Феномен иконы
Шрифт:
Что касается икон святых и других действующих лиц священной истории, то здесь Успенский напоминает, что человек есть «образ Божий» и микрокосм, «средина и средоточие тварного бытия вообще» (123). Однако в результате грехопадения образ Бога «омрачился» в человеке и ему необходимо теперь стремиться к восстановлению его в первозданной красоте. Восстановление это наиболее эффективно осуществляется в процессе благочестивой жизни, особенно же на путях аскетического подвига. Именно здесь человек с помощью Божественной благодати достигает святости, то есть «облекается в нетленную красоту Царства Божия», становится фактически другим человеком. Любая тварь носит на себе «печать своего Творца, печать божественной красоты», но только в святых она являет себя в преображенном, истинном виде. «Иначе говоря, подлинная красота есть сияние Духа Святого, святость, приобщение к будущему веку» (129).
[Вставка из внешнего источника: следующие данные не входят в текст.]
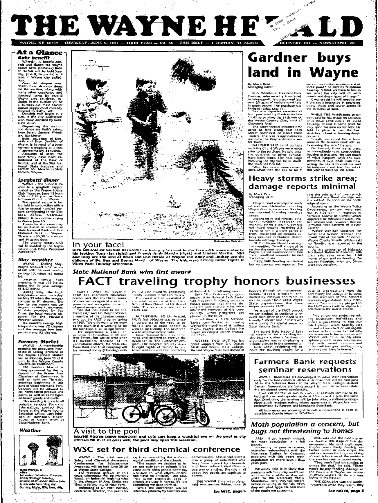WAYNE, NE &8787THURSDAY, JUNE &, 1991 l1s:TH YEAR NO. &8THIS ISSUE 1 SECTION, 12. PAGESAtaGlanceGardner buys
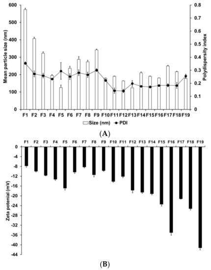 We evaluated the effects of various materials and AD, lipid, and surfactant compositions on the formation of nanoparticles. Zeta potential is an important parameter that provides information regarding the storage stability of nanoparticles [62]. High zeta potential ensures high energy barrier and favors high storage stability, whereas low zeta potential implies easy release the encapsulated drugs [63]. Therefore, a moderated zeta potential plays an important role in a balance between storage stability and drug release. Figure 1 presents the particle size, PDI, and zeta potential of SLNs F1 to F5, which were prepared using different solid lipids. Among these lipids, those with a longer carbon chain tended to produce smaller and more homogeneous particles; additionally, these particles were more stable, as indicated by their higher zeta potential. This suggests that lipids with longer carbon chains present a greater inherent negative charge from the carboxyl end group of saturated fatty acids [64]. The higher negative charge on the particle surface leads to increased repulsion among the particles; therefore, the tendency for aggregation is lower in these particles than in those with a lower negative charge.

Именно в этой красоте и изображаются на иконе
На этой основе Успенский приходит к выводу о внутреннем онтологическом единстве аскетического опыта и православной иконы. Фактически именно этот опыт визуально передается иконой с помощью особым образом упорядоченных форм, красок и линий, «при помощи символического реализма» иконы, «единственного в своем роде художественного языка». В иконном образе художественными приемами «всё приведено к высшему порядку. Это зримое выражение победы над внутренним хаотическим разделением человека, а чрез него — и победы над хаотическим разделением человечества и мира» (143). Всеми художественными средствами, далекими от натуралистического изображения видимой реальности, икона свидетельствует о высшем духовном гармонизирующем начале. Всё в иконе «подчинено общей гармонии, которая выражает, повторяем, мир и порядок, гармонию внутреннюю»; икона являет нам «прославленное состояние святого, его преображенный, вечный лик». И этим она не только обучает нас истинам христианской веры, но активно участвует в духовном созидании нас, «в формировании всего человека» (144). Икона — это путь и средство к духовному совершенствованию человека, она — «сама молитва». Цель иконы своими художественными средствами направить естество человека на путь реального преображения.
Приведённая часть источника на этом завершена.